I have just returned from this year’s BME Sales and Operations Planning Forum, which I had the pleasure of moderating and giving the keynote speech for. Throughout all the presentations, it became clear that the degree of IT support in the preparation and processing of the demand side and the supply side is increasing significantly.

IT in the planning and control of processes is not exactly something groundbreakingly new, and yet a new quality is being added to the process: Processes are becoming increasingly automated. While ERP and other planning systems have long functioned as a database with a user interface, work is now increasingly being done to automate processes and decisions. This is a trend that has intensified massively over the last five years. To put it somewhat pathetically, we are moving into a new age of planning and scheduling that is accompanied by a paradigm shift, comparable to the paradigm shift from the mechanical machine tool to the CNC machine. Just as the task of the machine tool has changed in a very short space of time from executing work to the abstract advance planning of parts processing in CNC programming, planning and scheduling work has also changed. The ERP system is no longer the instrument that first produces a sensible planning result or a suitable order proposal in the hands of the planner or scheduler.
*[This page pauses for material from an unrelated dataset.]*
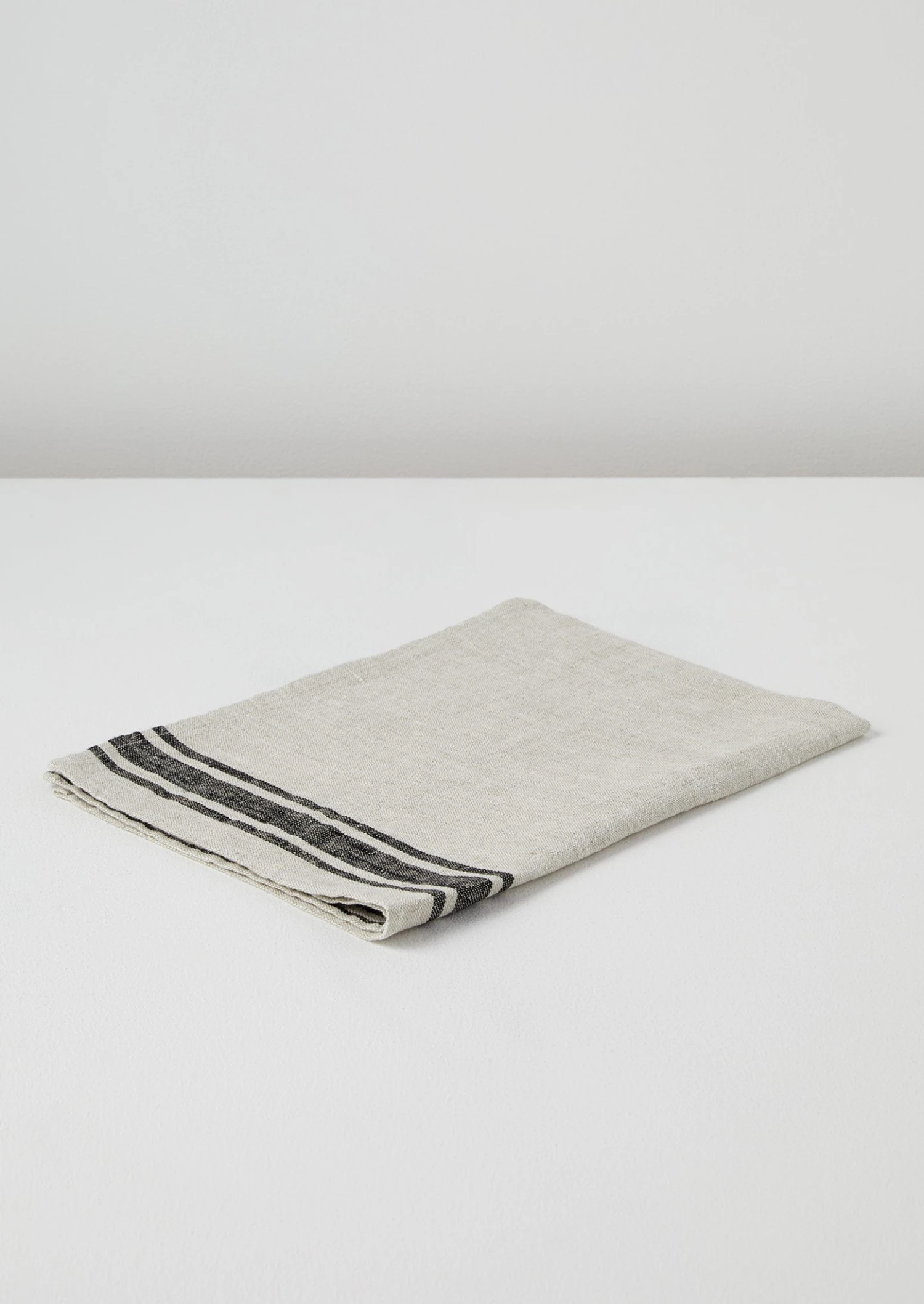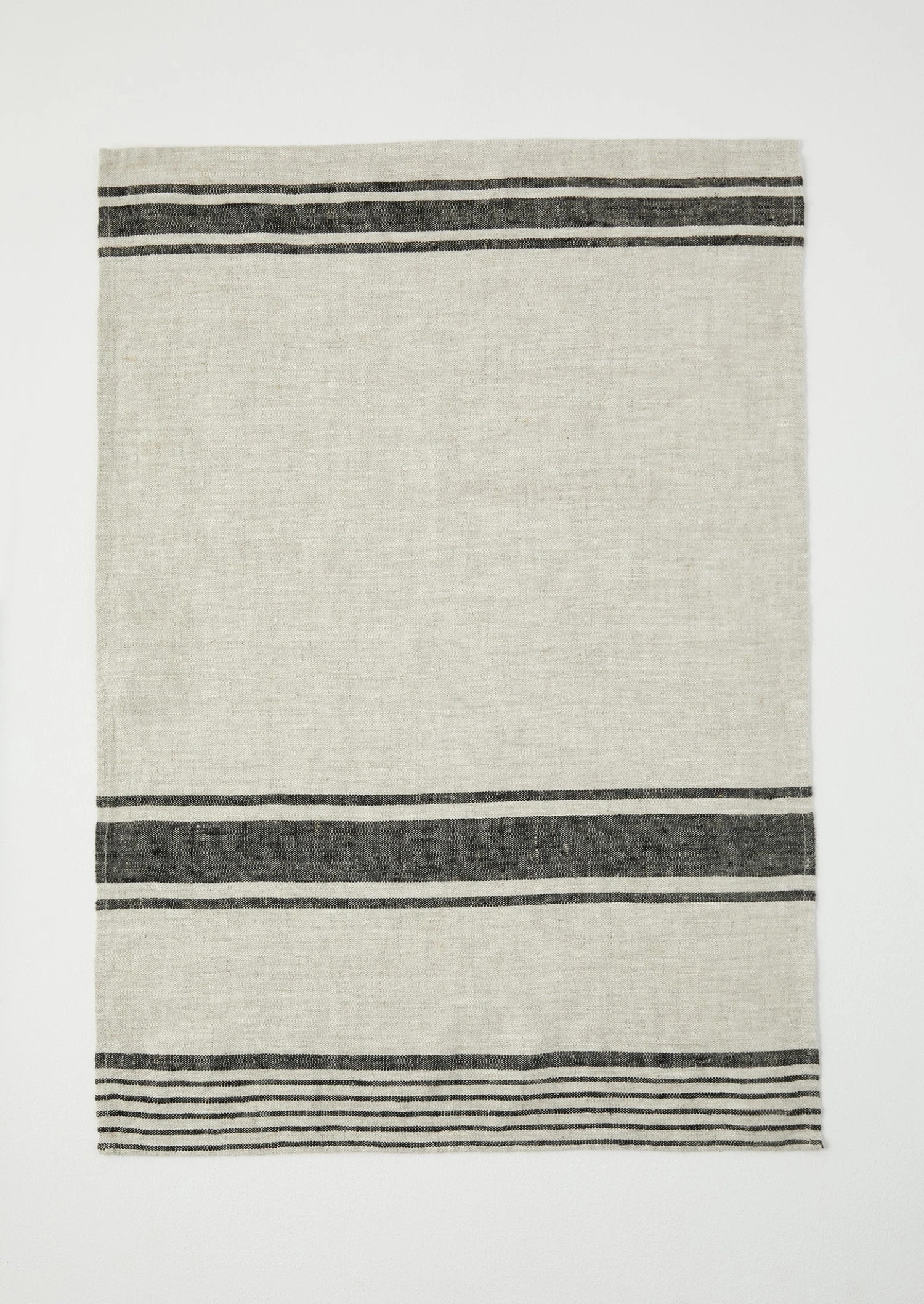 Good quality, absorbent, washed linen tea towel with an irregular yarn-dyed stripe. Cotton herringbone hanging loop. Woven by a traditional Lithuanian mill.

Rather, the planning decisions and rules must be thought through and set up in advance in such a way that the “machine” ERP system delivers a suitable planning and scheduling result of its own accord.

This development will require a significant rethink in planning and scheduling; more abstract forward thinking than operational intervention will be necessary, which will also increase the demands on abstract thinking and the theoretical knowledge of users.

This became clear in the presentation by Mr. Ehm from Infineon AG, who impressively demonstrated, among other things, the amount of e-learning and academic qualification Infineon invests in the further training of its employees in supply chain management.

In Sales and Operations Planning in particular, however, it is also clear that people cannot be replaced so quickly. The tasks are merely shifting to areas where today’s planning and scheduling technology will not be able to achieve anything in the foreseeable future.